Clement Archer (21 December 1748 - 1803) was a surgeon and president of the Royal College of Surgeons in Ireland (RCSI).

Clement Archer was born in County Wexford on 21 December 1748. He was educated as a surgeon, and on 4 February 1772 was examined by the County Infirmaries' Board, and "passed" for the Longford Infirmary.

He settled in Dublin in 1774 and was an original member of the Surgeons' Society. In 1785, he, together with surgeons Bolger, Lindsay, Costelloe, Hartigan, and Graydon, and Drs. Brereton, Percival, Dickson, Kennedy, Bell, and Boyton, founded the Dublin General Dispensary in the old Post Office yard, Temple Bar, the treasurer being Sir William Newcomen.

Archer was one of 49 physicians and chirurgeons who declared their public support for the construction of a Publick Bath in Dublin in May 1771 and named Achmet Borumborad as a well qualified individual for carrying such a scheme into existence.

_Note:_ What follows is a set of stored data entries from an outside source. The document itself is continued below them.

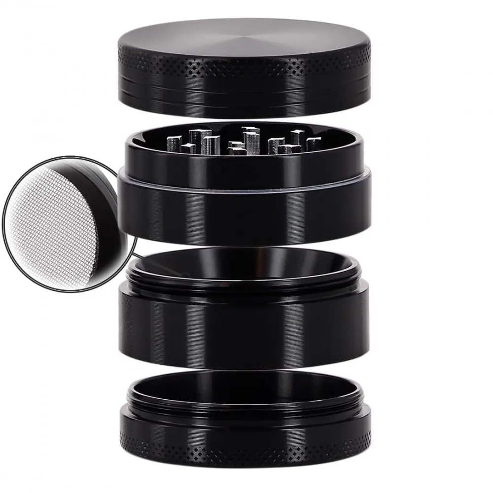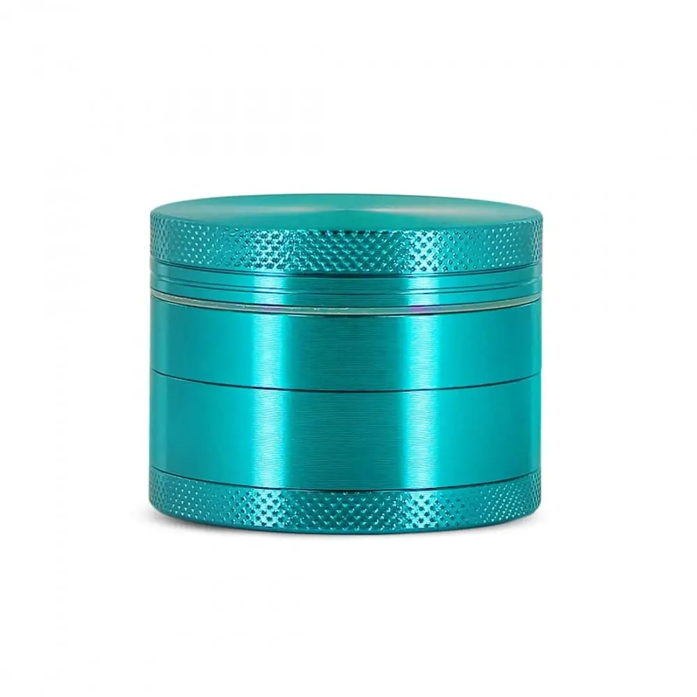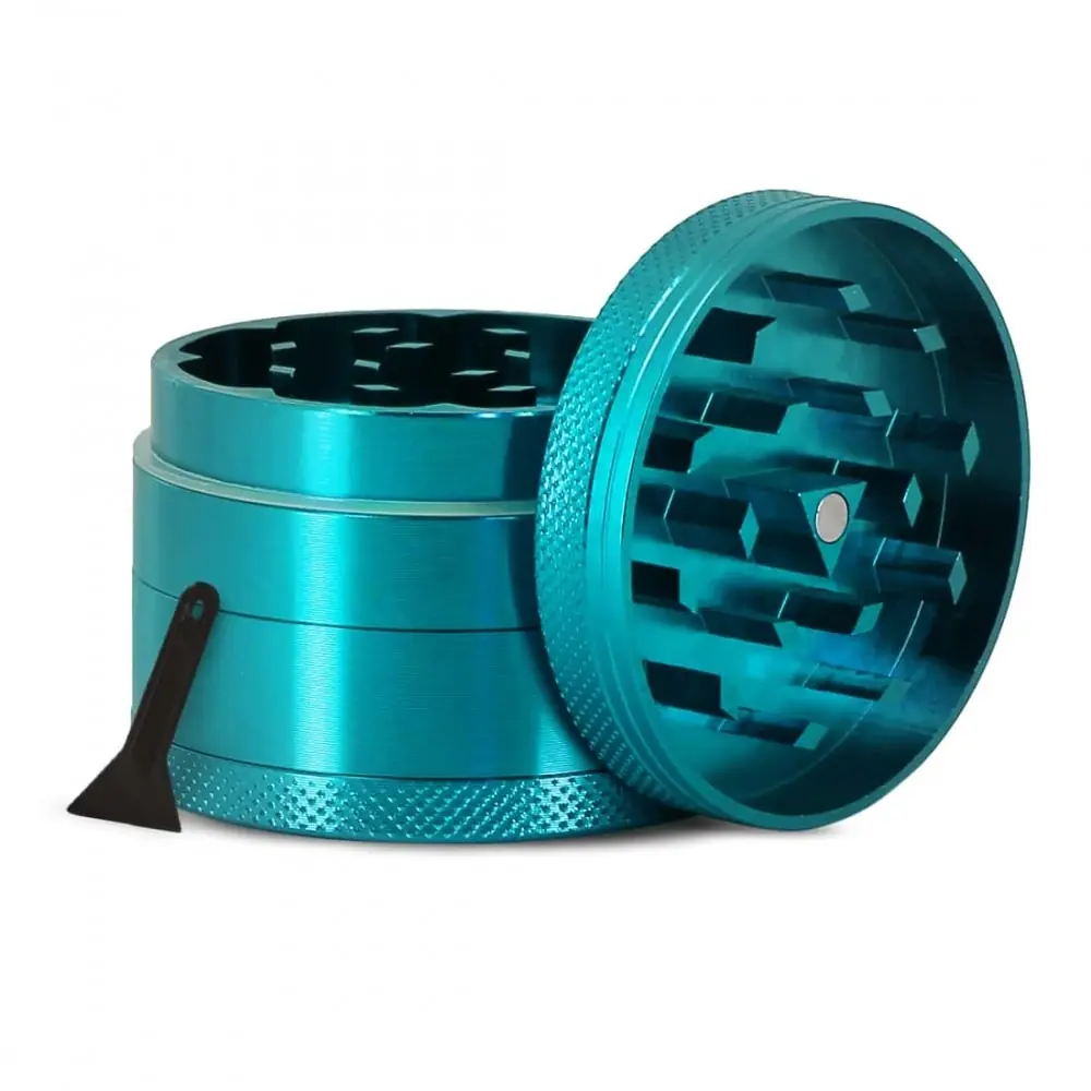 this beautiful 4-part deluxe aluminum magnetic grinder with a diameter of 50mm and turquoise blue color will be the perfect compromise to grind crumble and refine your tobacco or spices. it has sharp diamond-shaped teeth a filter screen and a collection tray.
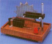 For demonstrating the conversion of electric energy into mechanical energy. Star-shaped copper disc 9 cm. Diameter rotatable vertically on pair of adjustable centers and dipping into mercury trough between the vertical limbs of a small horseshoe magnet on a wood base 15x 10 cm. Disc adjustable vertically on metal pillar which is connected to one of two terminals mounted on base. The other terminal is connected to the mercury trough. The apparatus will operates on 4 volts at which voltage it takes 1.8 amps., without battery.
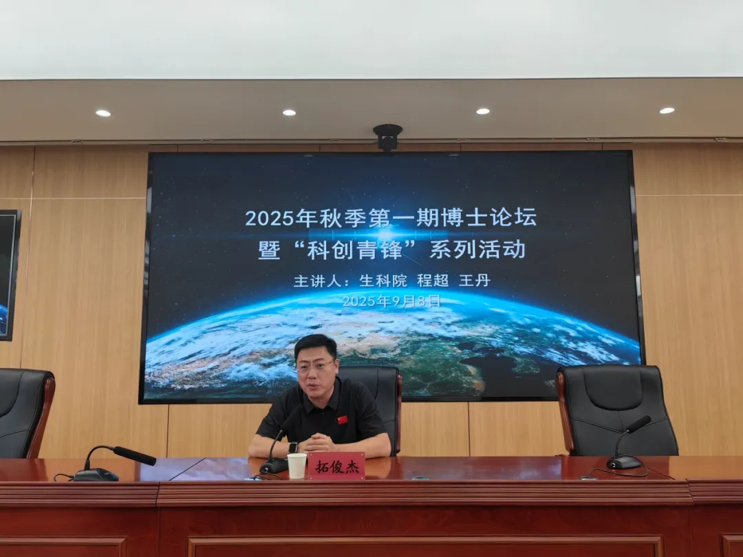 9月8日下午,beat365官网2025年秋季第一期博士论坛暨“科创青锋”系列活动在泉山校区成功举办。校党委委员、副校长拓俊杰出席并讲话。科技处处长董永胜主持论坛,生命科学与技术学院程超、王丹两位博士担任主讲嘉宾,各学院博士、科研骨干及科技处全体成员共60余人参加了此次学术交流。

In 1797, Archer became Assistant Surgeon to Dr Steevens' Hospital and later succeeded John Whiteway as Surgeon of the Foundling Hospital. He was perhaps the first medical man in Ireland who practiced electrotherapy. He was a member of the Dublin Medico-Philosophic Society. In 1789 Archer was elected the first Professor of Pharmacy in RCSI. In 1791 he was appointed State Surgeon of Ireland.

Clement Archer became the President of the RCSI in 1795.